Zur Feldman: In the beginning, we thought that we will be able to attract the end user because the proposition is compelling. What we found though was that people like to enjoy but they don’t really value this in money because they don’t want to pay more for connectivity and for better experience. We switched and we had a lot of thought around it. In the end, we helped cable companies and carrier companies to improve their user experience by creating visibility from the end-user perspective. At the carrier side, we provide visibility and understanding of the opportunities to improve and where the weak areas are – not necessarily on their network. It could be on somebody else’s network on WiFi.
Sramana Mitra: What ended up being your experience of bringing this to market? You did not get traction with consumers because consumers tend not to pay for any of these.
Zur Feldman: Actually, we did get traction. We got over 8 million. The issue was monetizing it. It was very difficult to monetize something like that because as you can see, people can download and they don’t really give a lot of financial value to any social application. The business model was not really to sell it to the consumer, but rather as a tool to get a lot of users. We realized that it would be easier for us to monetize it if we go to where we believe the pain is which is the operator or the cable companies and help them to create a better experience for the end user. Also, we helped them save money on bandwidth wherever possible and to have a better sense of where investment should go. That’s what we’re doing today. That’s how we monetize it.
Sramana Mitra: Tell me a bit more about how you price this for carriers?

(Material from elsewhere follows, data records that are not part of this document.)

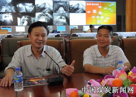 李总编在塘内煤矿调度指挥中心观看自动化生产线运行情况(右为右江矿务局局长叶仿拥)。
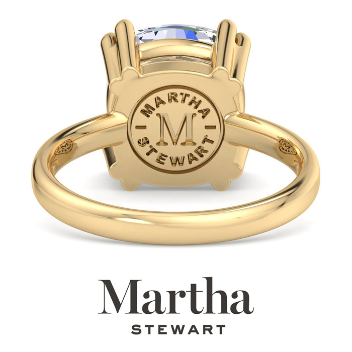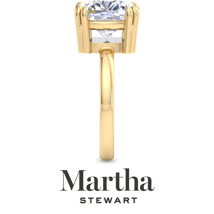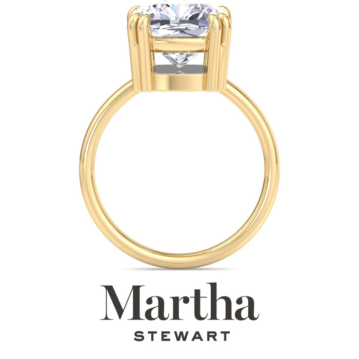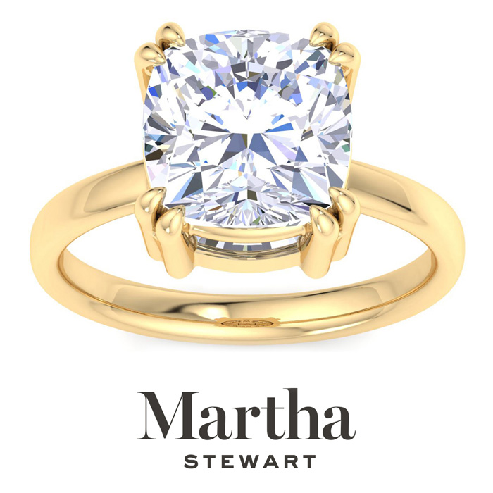 Showcasing class, style and timeless sophistication, the Martha Stewart fine jewelry collection is here to be celebrated. This Martha Stewart lab grown diamond ring features a 5 carat cushion cut center lab grown diamond in G-H color, VS clarity. This ring is in 14 karat yellow gold. This Martha Stewart ring has a double prong setting and is comfort fit for a luxurious feel on your finger. This ring also has a patent pending mirrored setting which increases the primary diamond's brilliance and beauty. Whether for a special occasion or to add a touch of elegance to everyday wear, this ring is sure to become a beloved heirloom. Martha Stewart’s dedication to quality and attention to detail are reflected in every piece, making this collection a celebration of timeless beauty and exceptional craftsmanship.
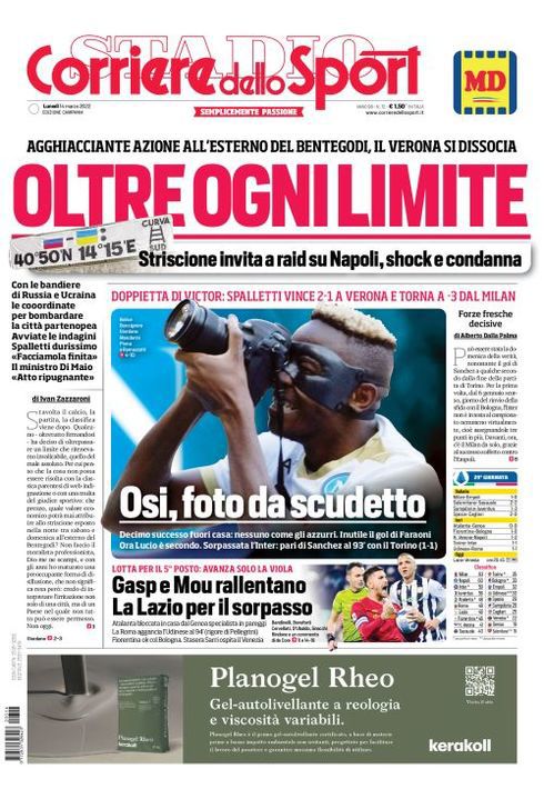 Il Corriere dello Sport, edizione Campania, ha dedicato la prima pagina alla vittoria del Napoli contro il Verona in campionato: "Osi, foto da scudetto. Doppietta di Victor: Spalletti vince 2-1 a Verona e torna a -3 dal Milan". C'è spazio anche per lo striscione esposto da alcuni tifosi del Verona: "Oltre ogni limite. Agghiacciante azione all'esterno del Bentegodi, il Verona si dissocia. Striscione invita a raid su Napoli, shoc e condanna".
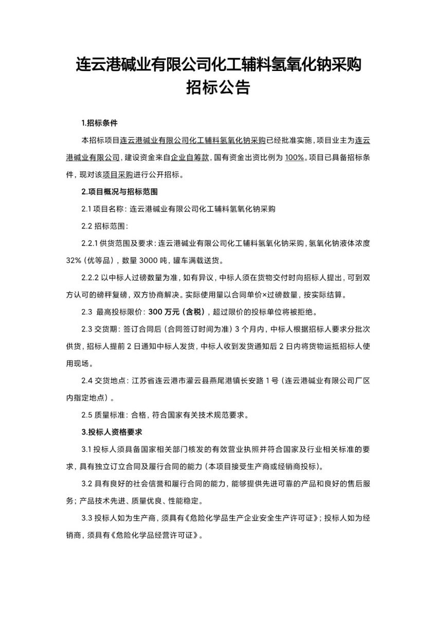 連云港堿業(yè)有限公司化工輔料氫氧化鈉采購(gòu)招標(biāo)公告

Zur Feldman: The business model is relatively simple. It’s licensing and peer activation. When a carrier deploys this solution, it goes by how many users are actually on this specific application and how many of them are active. That’s one business model. The other business model is your ability to show the effectiveness of intelligent offloading – meaning that people are actually getting off the existing network to some better alternative, like WiFi. Those are the two business models for cable and carrier companies.